At present, the traditional KT model and the deep learning-based KT model are two kinds of models provided in the field of knowledge tracing. Among the traditional knowledge tracing models, the most typical one is Bayesian Knowledge Tracing (BKT) [5], which models each concept state separately. Therefore, BKT is limited to capture the correlations between different concepts, which ineffectively simulates the knowledge state transition between complex concepts. Researchers further applied deep learning to KT task and proposed Deep Knowledge Tracing (DKT) [6]. Compared with BKT, DKT uses a hidden state to sum up the knowledge state of all concepts. Considering correlations between multiple concepts, DKT delivers a better simulation in students’ knowledge state. But DKT can’t pinpoint which concepts a student has mastered like BKT. Consequently, DKT has its weakness in indicating the certain concept that students grasp or not. Combining the advantages of the BKT and DKT, DKVMN uses external memory to store the student’s knowledge state [7], and its prediction performance is better than BKT and DKT.

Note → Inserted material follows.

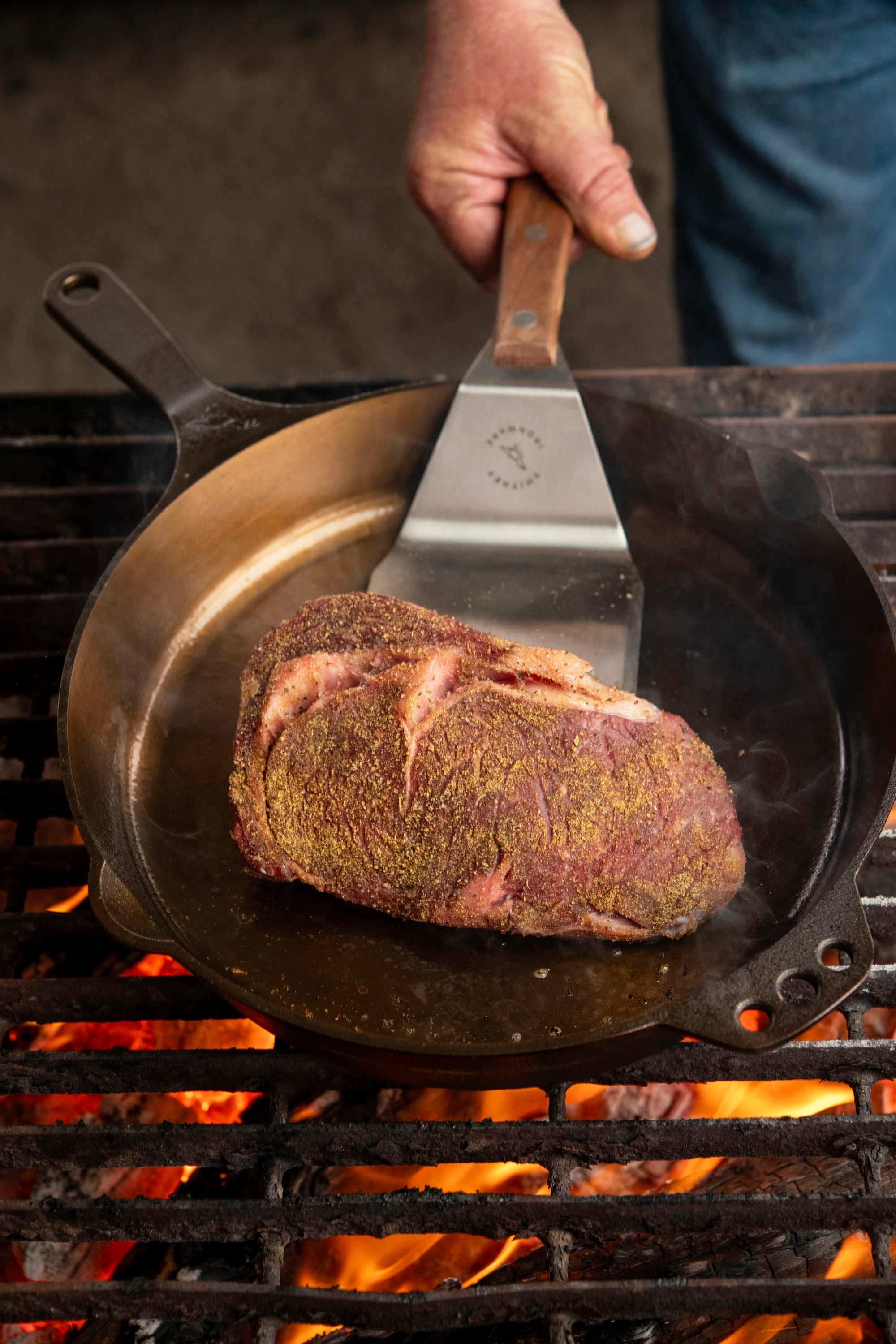 This thoughtfully crafted spatula is perfect for smashing burgers and so much more, from flipping French toast to cutting and serving cakes or casseroles. The large metal surface and sharp chiseled edges are designed to easily slide under even the most delicate foods.
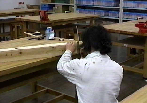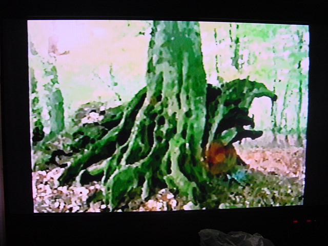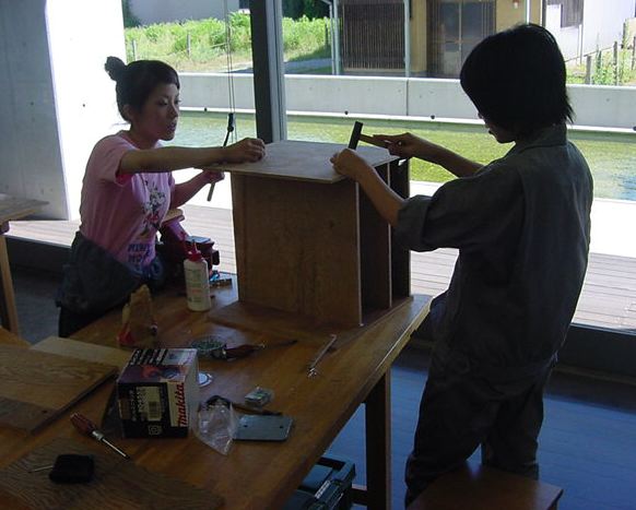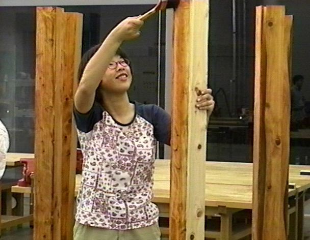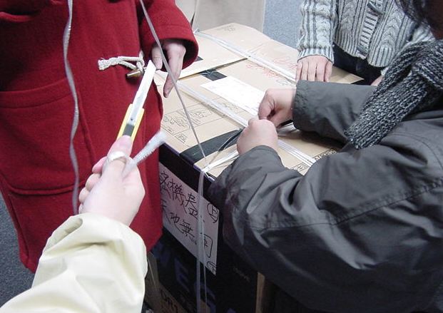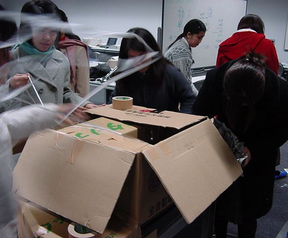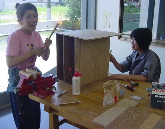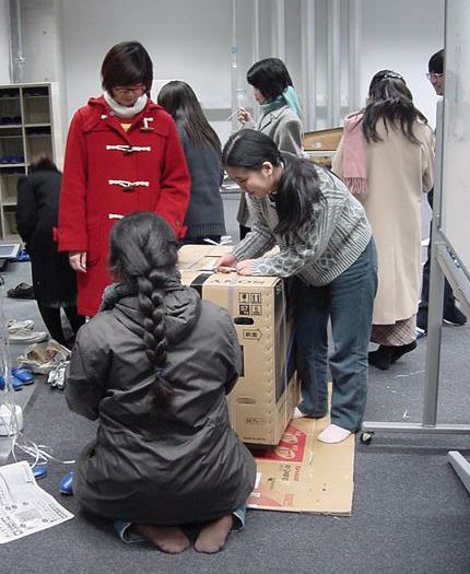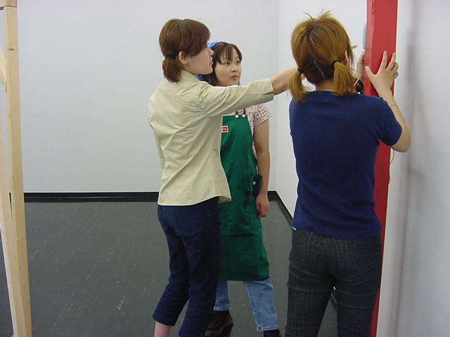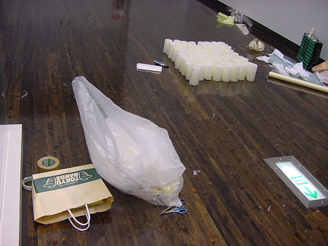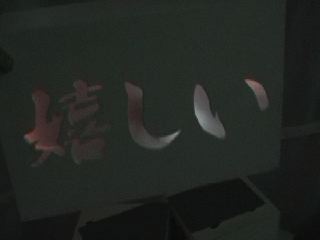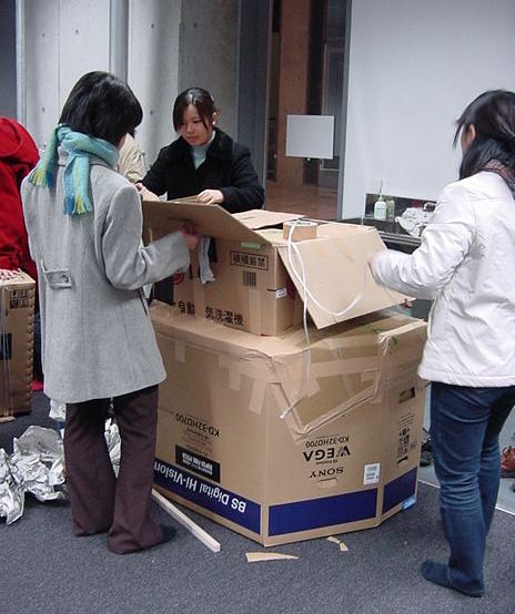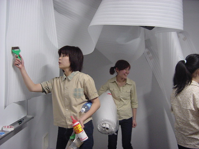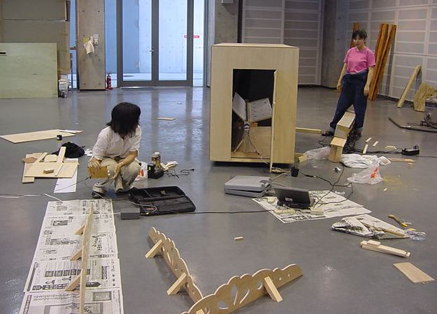 In the center of a huge, dark space, there is a rugged room encompassed with the cloth of three meters in length, three meters in width, and three meters in height. A different movie is projected to each the four outside walls. An innumerable box is piled up on the floor when people enters this room, and the word is written in each box. The word of the box shines when people lifts any box, it sounds in surroundings, and four movies projected to the wall change.

However, existing KT models ignore two aspects in simulating the changes in students’ knowledge states. Firstly, in the aspect of knowledge application, students apply different concepts according to their knowledge states for the same exercise. Secondly, according to the Ebbinghaus forgetting curve [8], the process of forgetting is not uniform. Students forget the knowledge they have just learned from the exercises very fast, but the knowledge they have learned before is slow. Existing models have limits in distinguishing the degree of forgetting the learned knowledge.

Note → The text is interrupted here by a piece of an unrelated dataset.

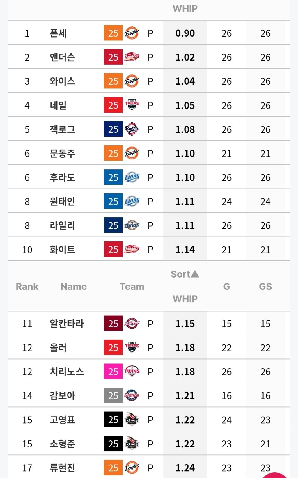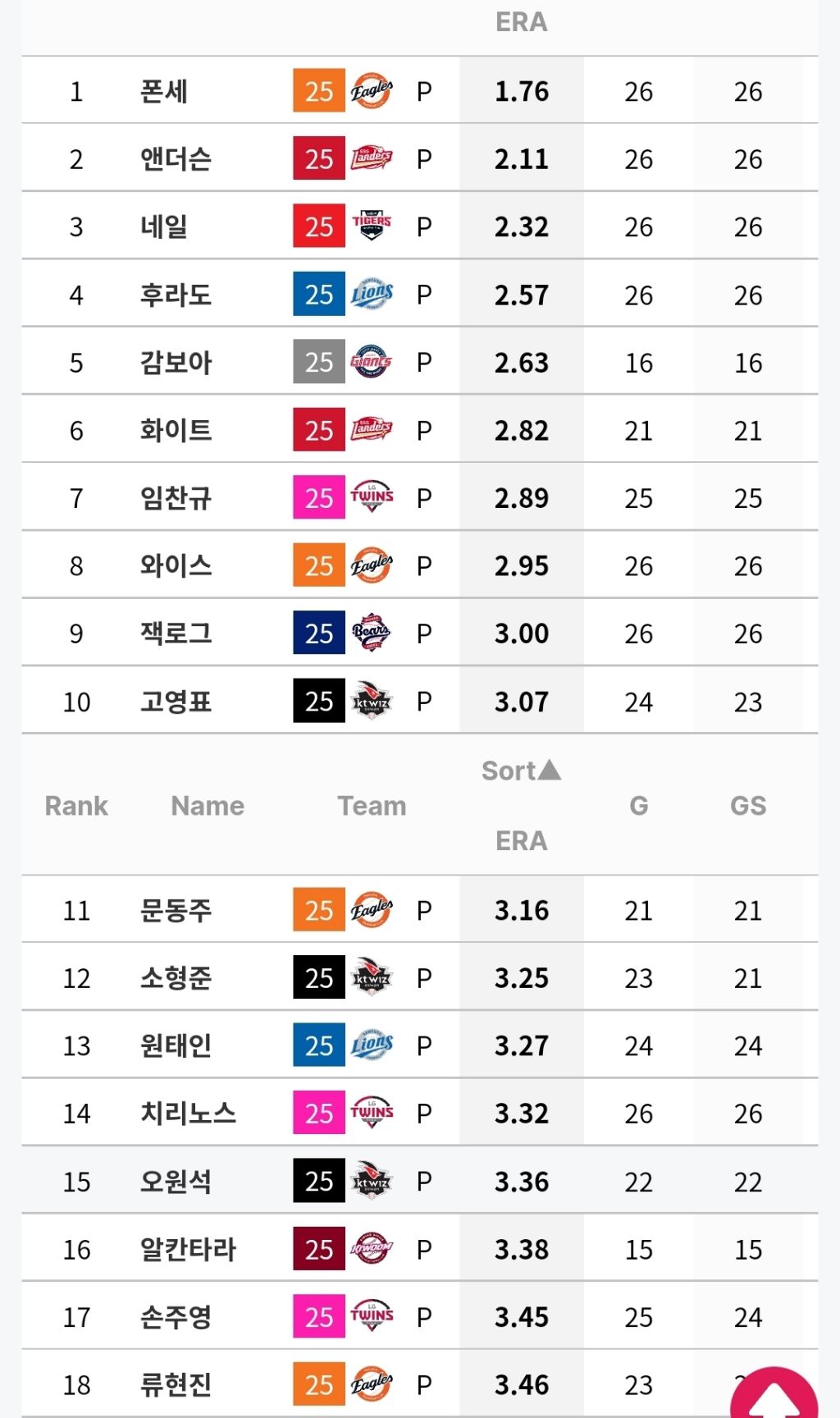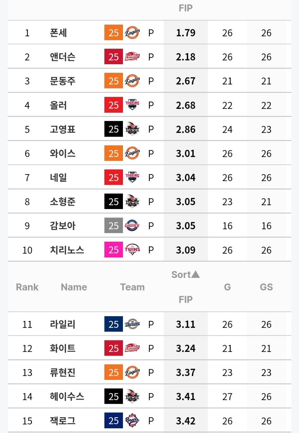 동주가 아쉽게 규정이닝은 소화못해서 기준은 규정이닝 70%기준입니다

Based on the external memory mechanism of DKVMN, this paper designed a knowledge update network inspired by the idea of GRU’s gating mechanism [9], and proposed a knowledge tracing model based on Dynamic Key-Value Gated Recurrent Network (DKVGRU). In the huge exercise data, DKVGRU uses the Key-Value matrix of DKVMN to explore the relationship between exercises and underlying concepts, while tracing the knowledge state of a certain concept. We provided two knowledge gates for simulating the change of students’ knowledge states. The knowledge application gate calculates the proportion of knowledge concepts applied by students in solving exercises, and the knowledge forgetting gate measures the forgetting degree of the learned knowledge.

2 Related Work

There are two main types of KT models. One is the traditional KT model, the other is the KT model based on deep learning. In this chapter, we first introduce BKT, DKT and DKVMN. Besides, DKVGRU is inspired by the gating mechanism, and this chapter also introduces Recurrent Neural Network (RNN) [10] and its variants, which can capture long-term sequence data relations.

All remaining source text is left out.